If you haven't already, you'll either need to harvest the object
data, or unzip a pre-harvested dataset.
If you haven't used one of these notebooks before, they're basically web pages in which you can write, edit, and run live code. They're meant to encourage experimentation, so don't feel nervous. Just try running a few cells and see what happens!
Some tips:
Is this thing on? If you can't edit or run any of the code cells, you might be viewing a static (read only) version of this notebook. Click here to load a live version running on Binder.
import pandas as pd
import math
from IPython.display import display, HTML, FileLink
from tinydb import TinyDB, Query
from pandas import json_normalize
# Load the harvested data from the json db
db = TinyDB('nma_object_db.json')
records = db.all()
Object = Query()
# Convert to a dataframe
df = pd.DataFrame(records)
df.head()
id | type | title | _meta | additionalType | collection | identifier | medium | extent | physicalDescription | ... | isPartOf | seeAlso | description | hasVersion | temporal | relation | hasPart | educationalSignificance | location | acknowledgement | |
---|---|---|---|---|---|---|---|---|---|---|---|---|---|---|---|---|---|---|---|---|---|
0 | 145400 | object | Wahlo and Tribal law by Kevin Gilbert, reprint... | {'modified': '2018-07-09', 'issued': '2011-10-... | NaN | NaN | NaN | NaN | NaN | NaN | ... | NaN | NaN | NaN | NaN | NaN | NaN | NaN | NaN | NaN | NaN |
1 | 251390 | object | Pair of woven shoes made from feathers and hair | {'modified': '2019-01-17', 'issued': '2018-04-... | [Shoes] | {'id': '5244', 'type': 'Collection', 'title': ... | 2000.0014.0495 | [{'type': 'Material', 'title': 'Feather'}, {'t... | {'type': 'Measurement', 'length': 260, 'width'... | Shoes, the soles of which are made from woven ... | ... | NaN | NaN | NaN | NaN | NaN | NaN | NaN | NaN | NaN | NaN |
2 | 124081 | object | Pair of ceremonial shoes | {'modified': '2018-12-04', 'issued': '2006-10-... | NaN | {'id': '1892', 'type': 'Collection', 'title': ... | 1992.0089.0165 | [{'type': 'Material', 'title': 'Feather'}] | {'type': 'Measurement', 'length': 246, 'width'... | A pair of ceremonial shoes made with several m... | ... | NaN | NaN | NaN | NaN | NaN | NaN | NaN | NaN | NaN | NaN |
3 | 21507 | object | Grinding stone | {'modified': '2018-06-19', 'issued': '2014-12-... | [Grinding stones] | {'id': '2229', 'type': 'Collection', 'title': ... | 1985.0288.0109 | NaN | NaN | NaN | ... | NaN | NaN | NaN | NaN | NaN | NaN | NaN | NaN | NaN | NaN |
4 | 142308 | object | 'time CHange' [sic] | {'modified': '2019-04-15', 'issued': '2012-06-... | [Compact discs] | {'id': '3893', 'type': 'Collection', 'title': ... | AR00213.012 | NaN | NaN | A compact disc, housed within a clear and blac... | ... | NaN | NaN | NaN | NaN | NaN | NaN | NaN | NaN | NaN | NaN |
5 rows × 25 columns
How many objects are there?
print('There are {:,} objects in the collection'.format(df.shape[0]))

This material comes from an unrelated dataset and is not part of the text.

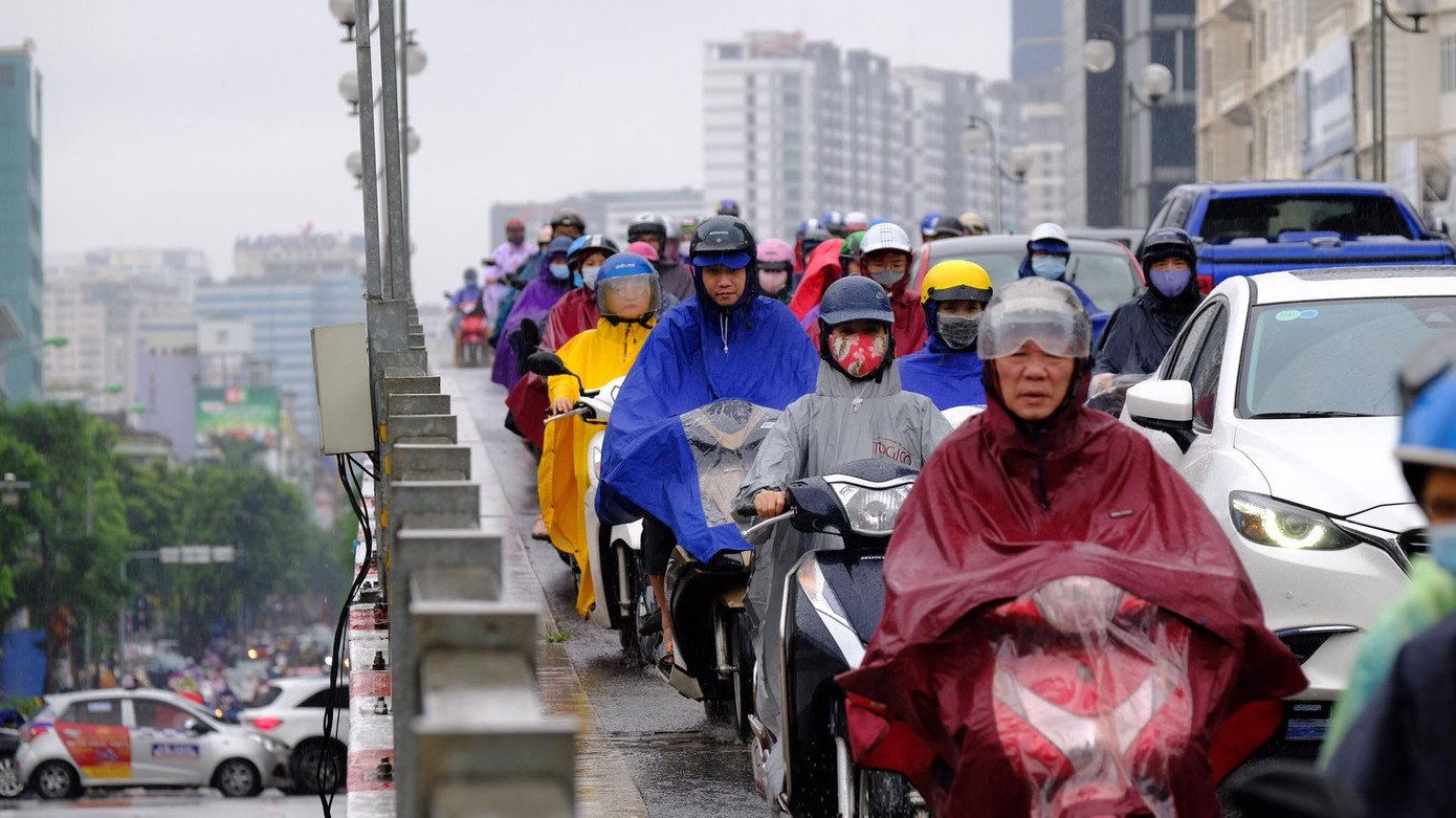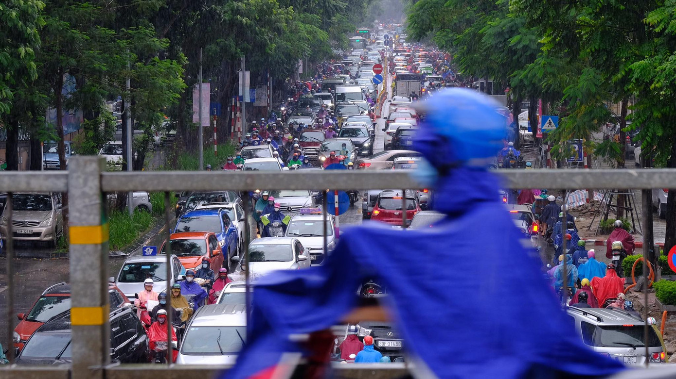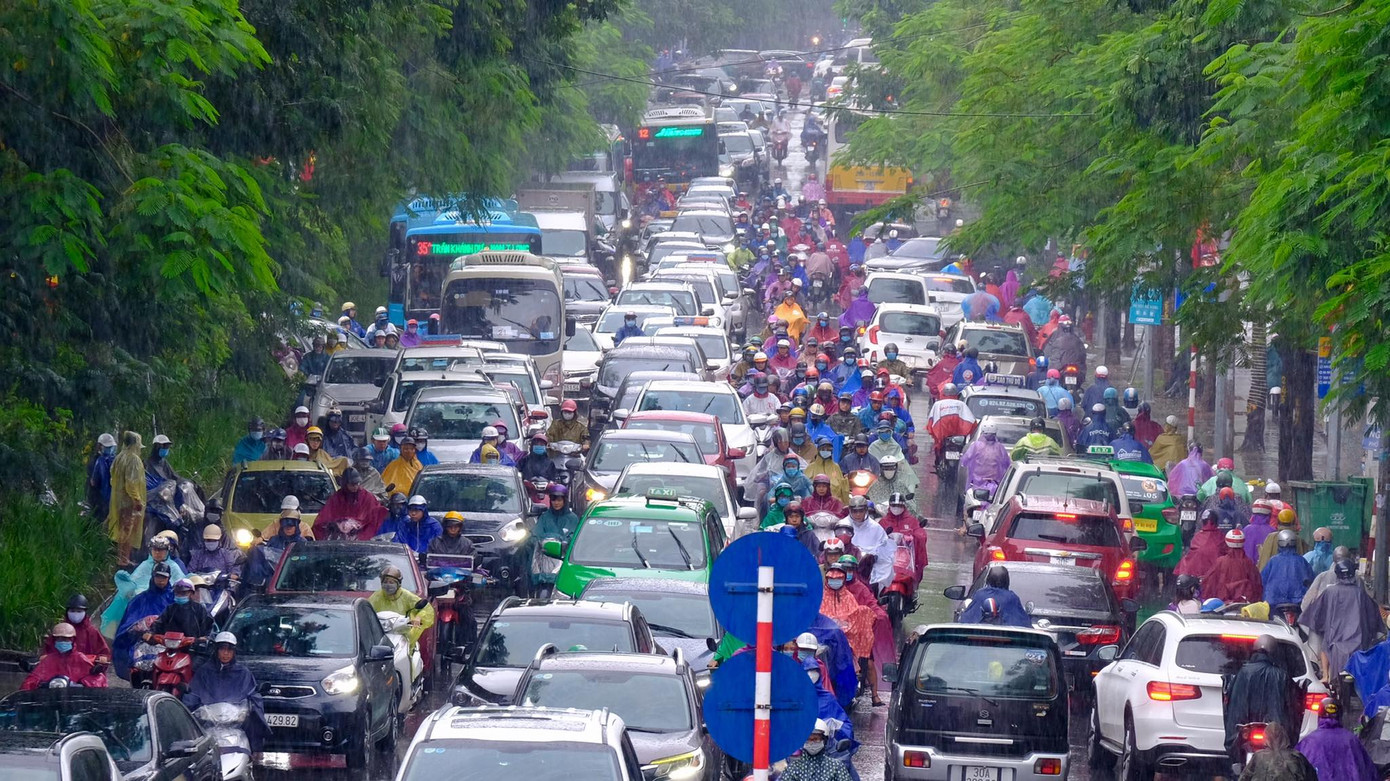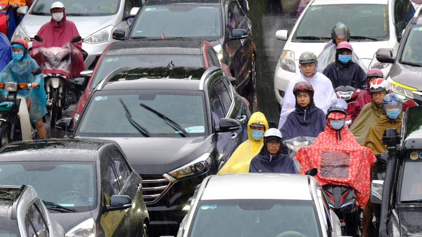 Người và xe "chôn chân" tại chỗ dưới cơn mưa

There are 86,717 objects in the collection
Obviously not every record has a value for every field, let's create a quick count of the number of values in each field.
df.count()
id 86717 type 86717 title 86558 _meta 86717 additionalType 86690 collection 84289 identifier 86692 medium 73952 extent 64199 physicalDescription 86397 significanceStatement 32468 creator 25119 spatial 46773 contributor 40760 isAggregatedBy 4353 isPartOf 10769 seeAlso 467 description 9128 hasVersion 20159 temporal 29597 relation 3096 hasPart 2350 educationalSignificance 201 location 1069 acknowledgement 789 dtype: int64
Let's express those counts as a percentage of the total number of records, and display them as a bar chart using Pandas.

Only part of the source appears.